Date, Time and Place

The Meeting of the stockholders will be held at [    ] a.m./p.m. Eastern time on February 13, 2024 as a virtual meeting. You will be able to attend, vote your shares and submit questions during the Meeting via a live webcast available at https://www.cstproxy.com/[    ]. The Meeting will be held virtually over the internet by means of a live audio webcast. Only stockholders who own shares of our common stock as of the close of business on the Record Date will be entitled to attend the Meeting.

To register for the Meeting, please follow these instructions as applicable to the nature of your ownership of our common stock:

        Record Holders.    If your shares are registered in your name with our transfer agent, Continental, and you wish to attend the online-only virtual Meeting, go to https://www.cstproxy.com/[    ], enter the control number you received on your proxy card and click on the “Click here” to preregister for the online meeting link at the top of the page. Just prior to the start of the Meeting you will need to log back into the Meeting site using your control number. Pre-registration is recommended but is not required in order to attend.
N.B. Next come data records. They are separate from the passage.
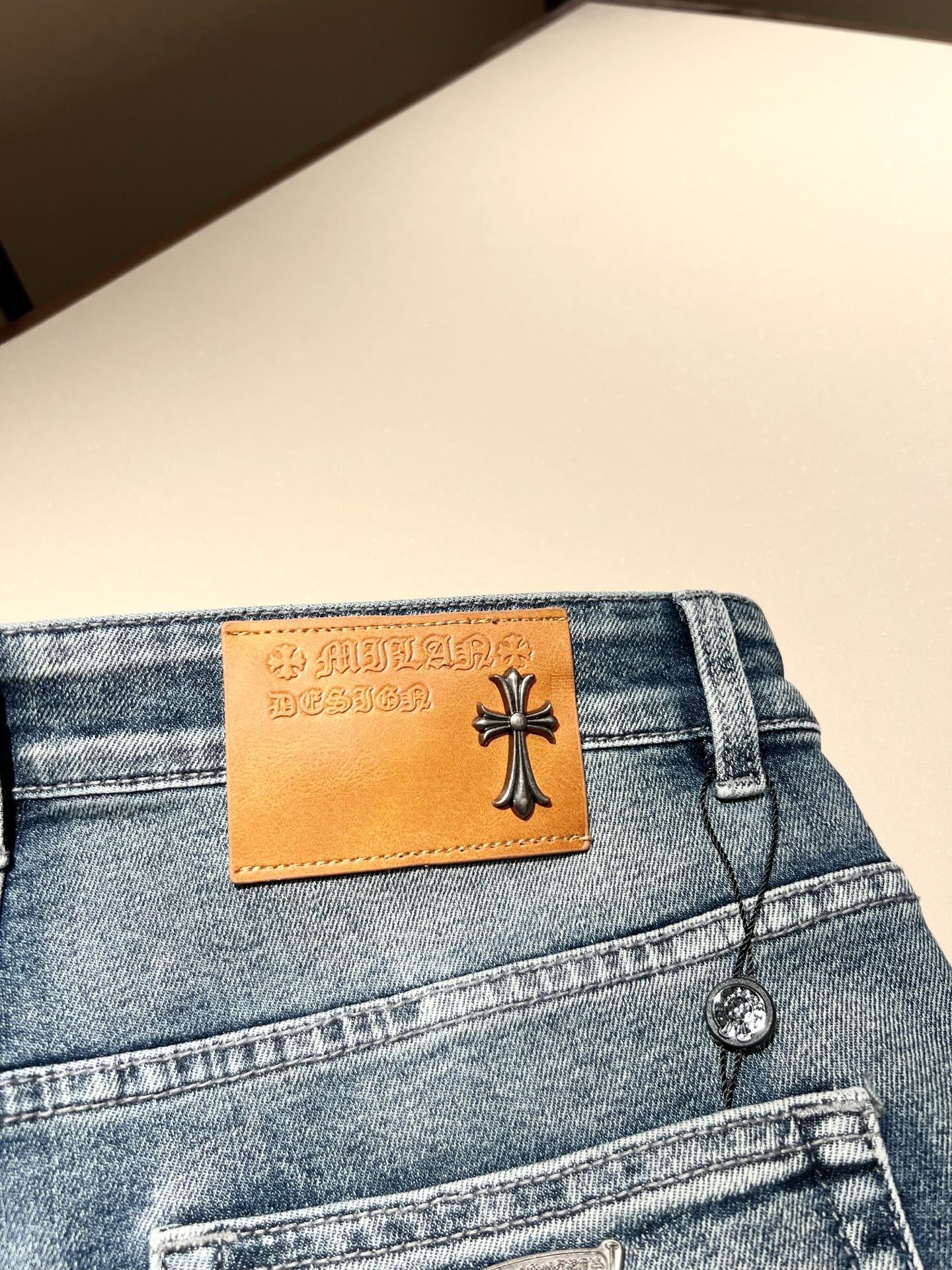 Chrome hear*s克*心 2025春夏新款牛仔裤!经典银饰辅料系列!男女同款一款让你从心底认可的休闲裤,并且经过时间的推移而让你更加珍稀,潮流的高街之王,那就是潮牌chrome hear*s克*心,穿克罗心的实话讲很潮了,如果连牛仔也一起搭配,那就是潮爆了,潮爆街头没话说。定制原版纯棉材质制成,面料手感一绝,这种舒适感穿在身上,上身真心不挑人,休闲潇洒的味道特别足,提升时尚感和颜值,并且这样的裤型特别好搭配各种类型的鞋子。辨识度就在哪里,皮革logo搭配设计!重工定制!韧性足,不易磨损,细节工艺非常到位。尺码:29-40
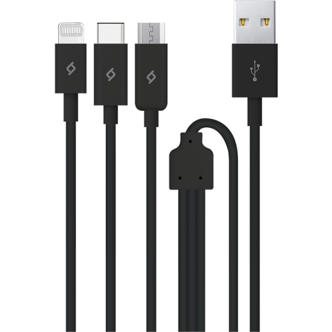 Кабель USB - microUSB/USB Type-C/Lightning, 1.2м, ttec 2DK7521S Black
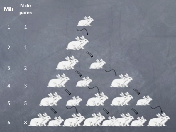 Então se contarmos os pares de coelhos no começo de cada mês, teremos: Mês 1: um par imaturo Mês 2: este mesmo par amadurece Mês 3: estes terão sua primeira prole Mês 4: a prole produzida amadurece e os coelho já maduro se reproduz novamente E assim por diante…a|PanTheria]] )).
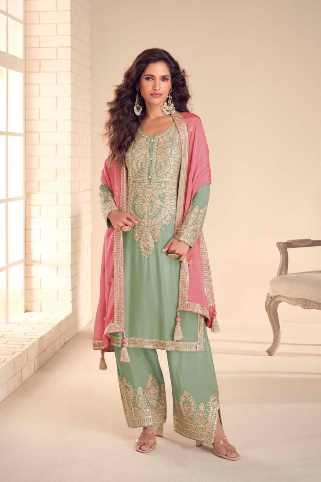 Top: Real Chinon | Dupatta: Real Chinon | Bottom: Real Chinon | Work: Embroidery Work
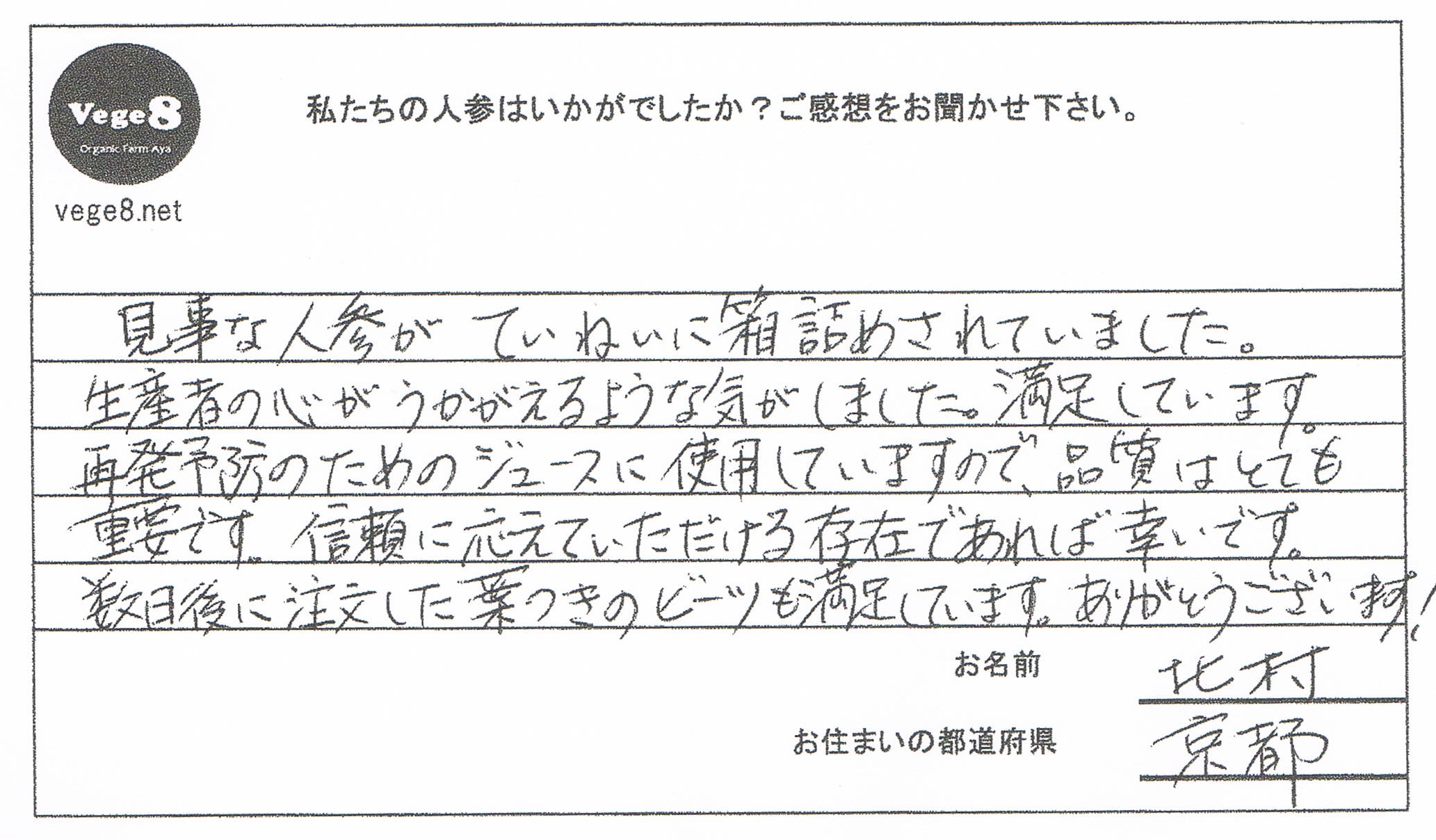 見事な人参がていねいに箱詰めされていました。生産者の心がうかがえるような気がしました。満足しています。
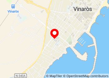 Al llegar a la ciudad, cuartel de la Guardia Civil y calle a la derecha,y despues izquierda,justo al lado del hotel RH Vinaros Aura,,, pero por dentro de sus calles.En la esquina hay un bar terraza llamado Nirvana.Perfecto para aparcar en pleno agosto y lavar ropa en ruta
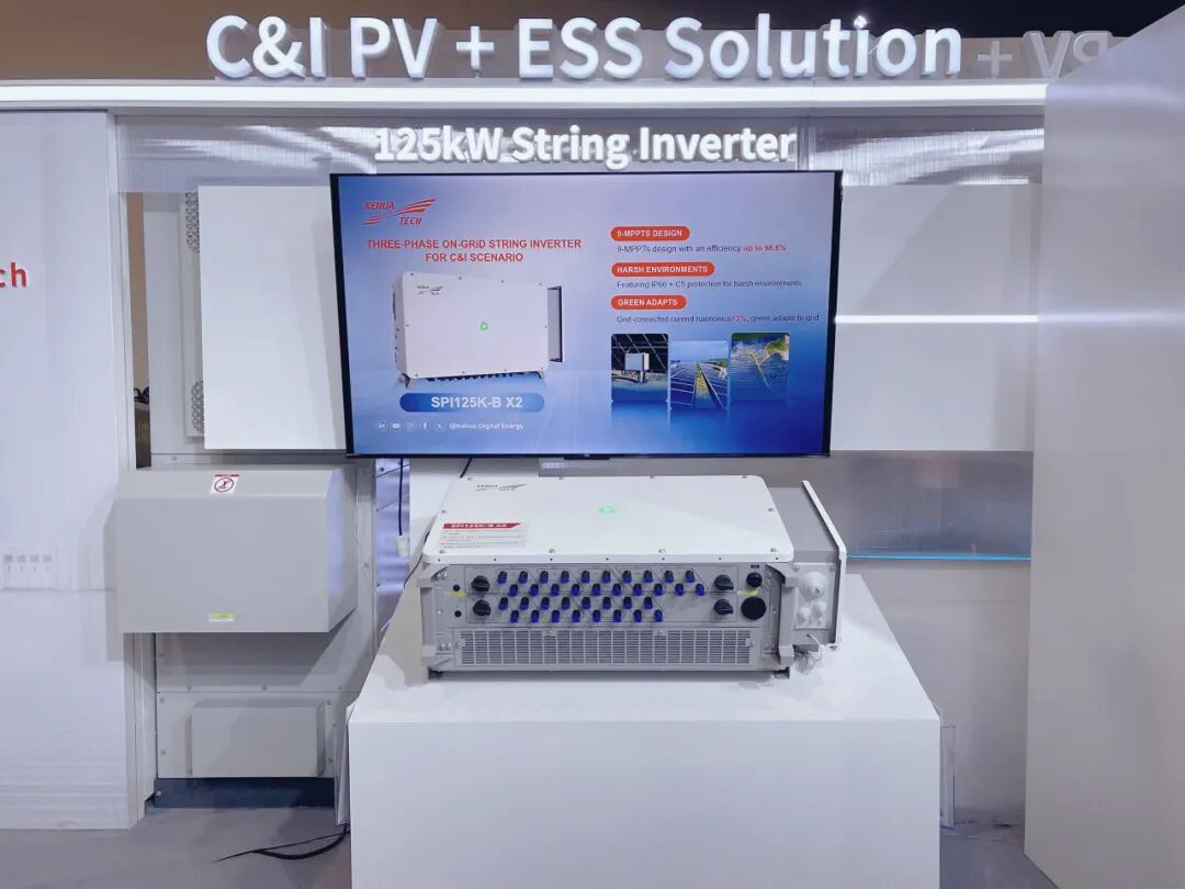 在光伏方面,科華數(shù)能本次重點(diǎn)展示了125kW組串式逆變器。該產(chǎn)品單路MPPT最高支持75A,配備直流/交流端子溫度智能監(jiān)測(cè)與自動(dòng)化PV側(cè)停機(jī)功能,可選IV曲線分析與故障波形記錄,助力快速定位問(wèn)題、預(yù)防維護(hù)。產(chǎn)品最高效率達(dá)98.8%,具備IP66+C5防護(hù)與低諧波并網(wǎng)表現(xiàn),可在寬溫環(huán)境下穩(wěn)定輸出。
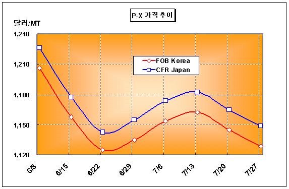 FOB Korea 1128달러 형성 … 7월 평균 CP는 CFR Asia 1130달러 P-X(Para-Xylene) 가격은 7월 넷째 주 FOB Korea 톤당 1128-1129달러로 17달러 떨어졌다.아시아 P-X 가격은 CFR SE Asis 톤당 6.75달러 하락해 1155-1160달러를 형성했다. 다운스트림인 PTA(Purified Terephthalic Acid) 시황이 부진함에 따라 구매량이 주춤해 가격 하락세를 견인한 것으로 해석된다. 중국에서는 60일 신용거래 기준으로 CFR China 톤당 1150달러 이하에 거래가 체결된 것으로 알려졌다. Shell은 9월 물량을 CFR Tiwan/Ulsan 톤당 1155달러에 제시했지만 거래는 체결되지 않은 것으로 나타났다.
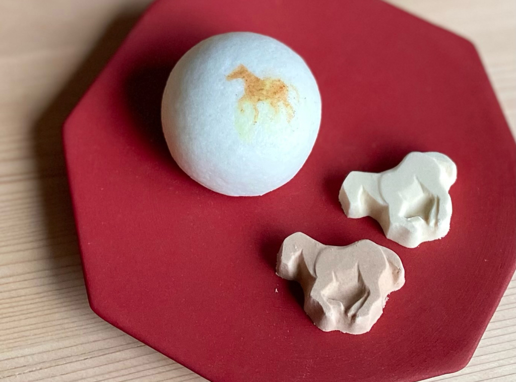 12月下旬頃からは、午年をモチーフにした上用饅頭や、前足をあげる躍動的な馬の姿をとらえた干菓子など、新春に味わいたい京菓子が揃います。

        Beneficial Holders.    Beneficial stockholders who own shares of the Company in “street name”, who wish to attend the online-only virtual Meeting must obtain a legal proxy by contacting their account representative at the bank, broker, or other nominee that holds their shares and e-mail a copy (a legible photograph is sufficient) of their legal proxy to proxy@continentalstock.com. Beneficial stockholders who e-mail a valid legal proxy will be issued a meeting control number that will allow them to register to attend and participate in the online-only virtual Meeting. After contacting our transfer agent, Continental, a beneficial holder will receive an e-mail prior to the Meeting with a link and instructions for entering the virtual Meeting. Beneficial stockholders should contact our transfer agent by February 7, 2024 at the latest (five business days prior to the Meeting).

Quorum

A quorum of stockholders is necessary to hold a valid meeting. Holders of a majority of the voting power of our issued and outstanding common stock on the Record Date that are (i) entitled to vote at the Meeting and (ii) present in person (including virtually) or represented by proxy, constitute a quorum. Your shares will be counted towards the quorum only if you submit a valid proxy (or one is submitted on your behalf by your broker, bank or other nominee) or if you vote online at the Meeting. Abstentions will be counted towards the quorum requirement. In the absence of a quorum, the chairman of the Meeting has the power to adjourn the Meeting. As of the Record Date for the Meeting, 2,200,399 shares of our common stock would be required to achieve a quorum.

Voting Power; Record Date

You will be entitled to vote or direct votes to be cast at the Meeting if you owned shares of our Class A common stock at the close of business on the Record Date for the Meeting. You will have one vote per Proposal for each share of our common stock you owned at that time. Our warrants do not carry voting rights.

Required Votes

Second Extension Amendment Proposal and Trust Amendment Proposal

Approval of the Second Extension Amendment Proposal and Trust Amendment Proposal will require the affirmative vote of holders of at least a majority of our common stock outstanding on the Record Date, including the Founder Shares. If you do not vote or you abstain from voting on the Second Extension Amendment Proposal and Trust Amendment Proposal, your action will have the same effect as an “AGAINST” vote. Broker non-votes will have the same effect as “AGAINST” votes.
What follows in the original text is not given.